Variable	Role	Meaning
G3	Main outcome	Final grade from 0 to 20.
G1	Comparison variable	First-period grade.
G2	Comparison variable	Second-period grade.
absences	Comparison variable	Number of school absences.
studytime	Group variable	Weekly study time category.

External data source: UCI Machine Learning Repository: Student Performance dataset.

Verified DAgostino Pearson Test Results

The analysis was verified in R, Python and SPSS. R and Python produced the same K2 statistic and p-value. SPSS manually reproduced the same calculation using a clean CSV file, skewness, kurtosis, transformed z-scores, K2 statistic and chi-square p-value.

Final report sentence: A DAgostino Pearson Test was conducted to evaluate whether G3 final grades follow a normal distribution. The result was K2 = 114.2048, p = 1.587642e-25. The skewness was -0.9108 and the excess kurtosis was 2.6821. Because p < 0.05, the analysis rejected normality for G3.

Main G3 Result

Variable	N	Mean	SD	Skewness	Excess kurtosis	K2	p-value	Decision
G3	649	11.9060	3.2307	-0.9108	2.6821	114.2048	1.587642e-25	Reject normality

Component Z-Scores

Component	Z-score	Meaning
Skewness z	-8.2817	The negative sign shows a strong left-skewed pattern in G3.
Kurtosis z	6.7542	The positive value shows strong kurtosis departure from normality.
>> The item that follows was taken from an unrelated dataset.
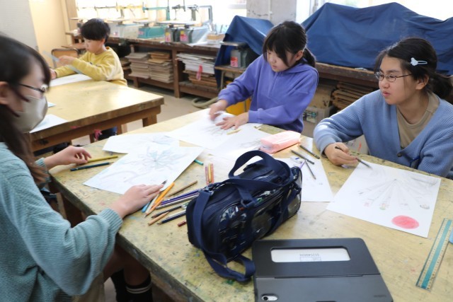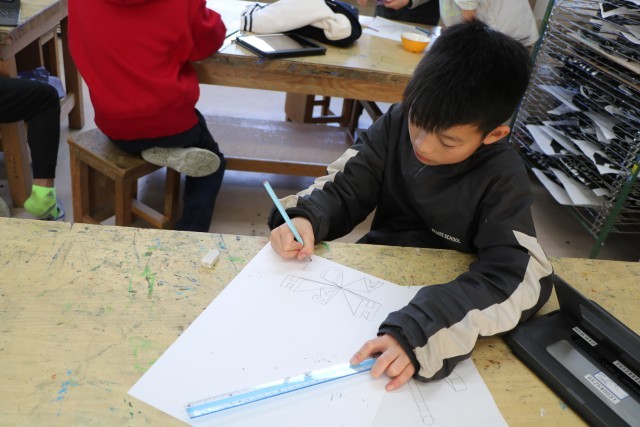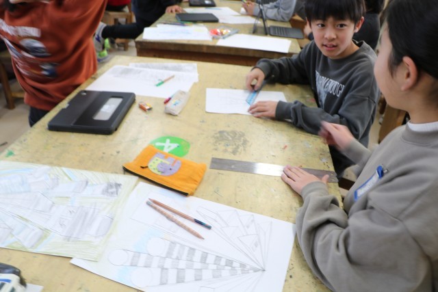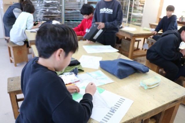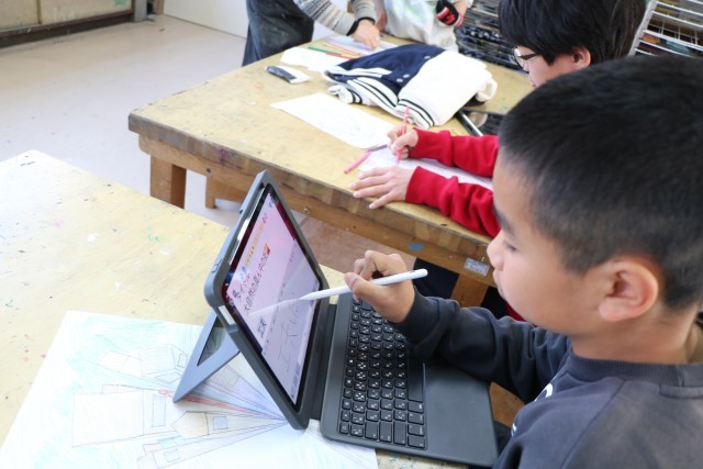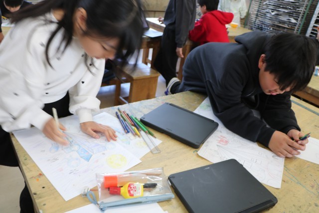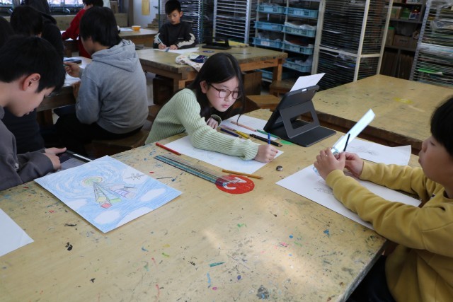 5年生図工「私の町の秘密教えます」の様子です。一点透視図法を使って、鳥の目から見た町の様子を描きます。自分の作品に集中して取り組んでいます。完成したらタブレットで振り返りカードを書いて提出します。振り返りカードには、作品の見所や苦労したところ、こんな思いで描いたんだという自分の気持ちなど記入します。

Variable Comparison Results

Variable	N	Mean	SD	Skewness	Excess kurtosis	K2	p-value	Decision
G1	649	11.3991	2.7453	-0.0028	0.0271	0.0802	0.9607	Do not reject normality
G2	649	11.5701	2.9136	-0.3594	1.6405	40.1870	1.877145e-09	Reject normality
G3	649	11.9060	3.2307	-0.9108	2.6821	114.2048	1.587642e-25	Reject normality
absences	649	3.6595	4.6408	2.0160	5.7274	287.7460	3.286672e-63	Reject normality

G3 by Studytime Group

Studytime group	N	Mean G3	SD	Skewness	Excess kurtosis	K2	p-value	Decision
1: <2 hours	212	10.8443	3.2186	-1.0705	3.0162	50.5457	1.057158e-11	Reject normality
2: 2 to 5 hours	305	12.0918	3.2431	-1.0230	2.9751	66.2103	4.193909e-15	Reject normality
3: 5 to 10 hours	97	13.2268	2.5021	-0.1872	-0.5374	2.0646	0.3562	Do not reject normality
4: >10 hours	35	13.0571	3.0384	0.2002	-0.4590	0.3974	0.8198	Do not reject normality

DAgostino Pearson Test Result Images and Chart Interpretation

1. Histogram with Fitted Normal Curve

DAgostino Pearson Test histogram of G3 final grades with fitted normal curve — G3 distribution with fitted normal curve.

This chart shows why the normality result is not surprising. The distribution is not a smooth bell shape. G3 grades are bounded between 0 and 20, measured as integer scores, and contain a visible group of low scores near zero. The fitted normal curve cannot fully match this shape.

2. Normal Q-Q Plot

Normal Q-Q plot for G3 final grades used with DAgostino Pearson Test — Normal Q-Q plot for G3 final grade.

The Q-Q plot compares observed grade quantiles with theoretical normal quantiles. If G3 were normally distributed, the points would follow the reference line more closely. Instead, the plot shows stair-step behavior from repeated integer grades, a strong lower-tail departure and a high-end flattening. This visual pattern supports the formal rejection of normality.

3. Skewness and Excess Kurtosis

This chart shows the two shape features used by the test. G3 has negative skewness of about -0.9108, meaning the distribution has a longer or stronger lower-side pull. It also has excess kurtosis of about 2.6821, meaning the distribution departs strongly from the kurtosis expected under normality.

4. Component Z-Scores

DAgostino Pearson Test component z-scores for skewness and kurtosis in G3 — Skewness and kurtosis component z-scores for G3.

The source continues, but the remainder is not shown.